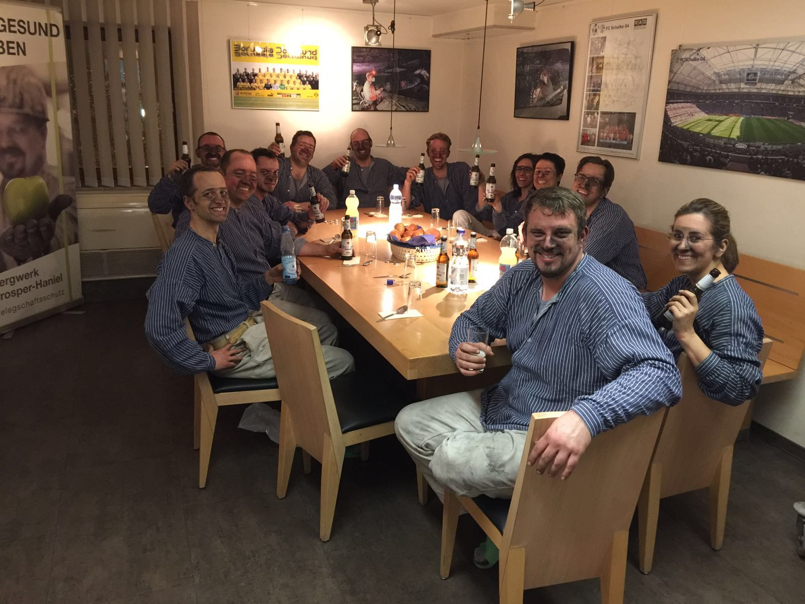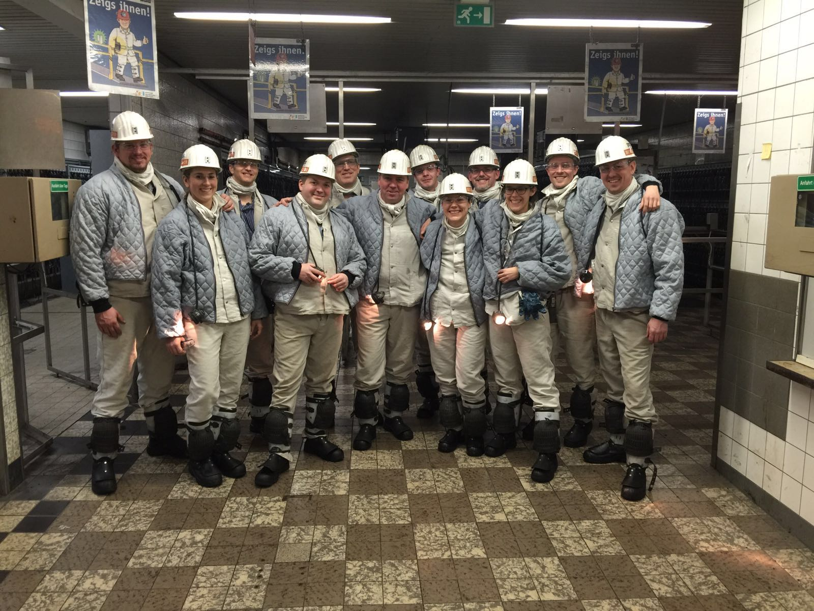 Begeistert und fröhlich sind diese Woche 12 Wirtschaftsjunioren aus Essen in das Bergwerk Prosper-Haniel eingefahren. Begleitet wurden sie vom Bergmann Uwe, der mit seiner direkten Art ihnen humorvoll das 1X1 des Steinkohlenbergbaus erklärt hat. Frei nach dem Motto “Wer die Kohle möchte, muss hart malochen!” scheuten sie weder Schmutz noch Staub, um an das begehrte schwarze Gold zu gelangen. Abschließend wurden bei einem stärkenden Eintopf die letzten verbliebenen Fragen zum Steinkohlenbergbau geklärt.
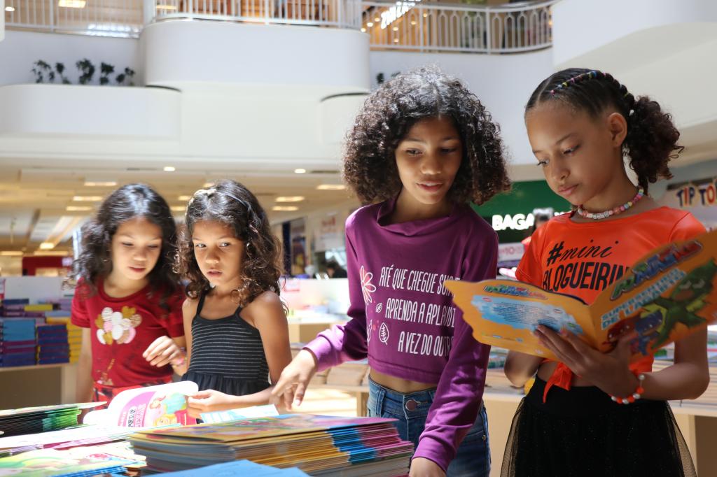Assim que entrou em um dos espaços, a estudante Sophia Vitória Araújo, de 10 anos, folheou o primeiro livro que avistou. Encantada, ela explorava cada seção. Foi a primeira vez que ela entrou em livrarias.
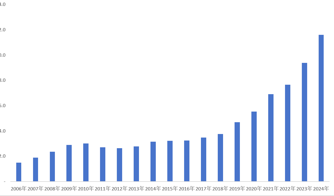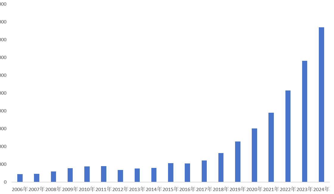 3、2006-2024年歷年可再生能源發(fā)電量數(shù)量統(tǒng)計
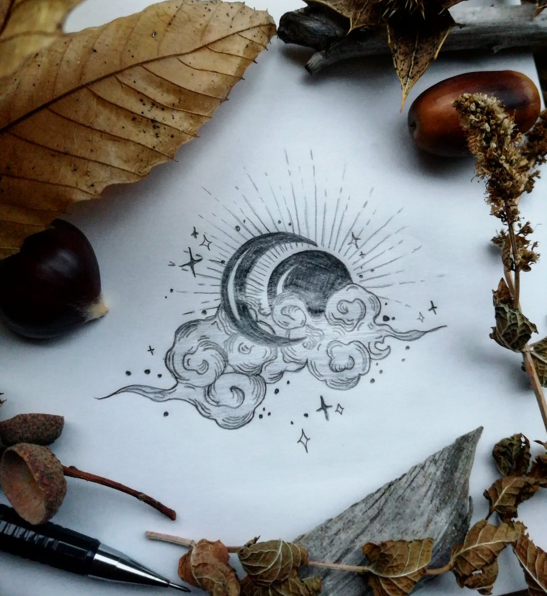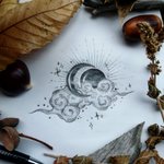 * Inktober Jour 17 * Nuage / Cloud . . . . . #inktober #moonchildinktober #illustration #darkart #witchcraft #autumn #cloud #nightchild #moon #sun #eclipse #magicnight #stars #draw #sparkle #nightandday
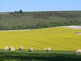 Combe Hill is a summit in Berkshire, England, with a maximum elevation of 293 m (961 ft). It lies around 1 mile (1.6 km) to the south-east of Walbury Hill, the county top of Berkshire, which is 297 m (974 ft) high. The hill is about 7 miles (11 km) southwest of Newbury on the Hampshire/Berkshire border and is part of the north-facing scarp of the North Hampshire Downs, a chalk ridge within the North Wessex Downs Area of Outstanding Natural Beauty.[1]

# # #

### Task objective
Repeat word for word the lines above, from the first entry through the line containing "3、2006-2024年歷年", with both ends kept and the pictures dropped.

### Task solution
 Begeistert und fröhlich sind diese Woche 12 Wirtschaftsjunioren aus Essen in das Bergwerk Prosper-Haniel eingefahren. Begleitet wurden sie vom Bergmann Uwe, der mit seiner direkten Art ihnen humorvoll das 1X1 des Steinkohlenbergbaus erklärt hat. Frei nach dem Motto “Wer die Kohle möchte, muss hart malochen!” scheuten sie weder Schmutz noch Staub, um an das begehrte schwarze Gold zu gelangen. Abschließend wurden bei einem stärkenden Eintopf die letzten verbliebenen Fragen zum Steinkohlenbergbau geklärt.
Assim que entrou em um dos espaços, a estudante Sophia Vitória Araújo, de 10 anos, folheou o primeiro livro que avistou. Encantada, ela explorava cada seção. Foi a primeira vez que ela entrou em livrarias.
 3、2006-2024年歷年可再生能源發(fā)電量數(shù)量統(tǒng)計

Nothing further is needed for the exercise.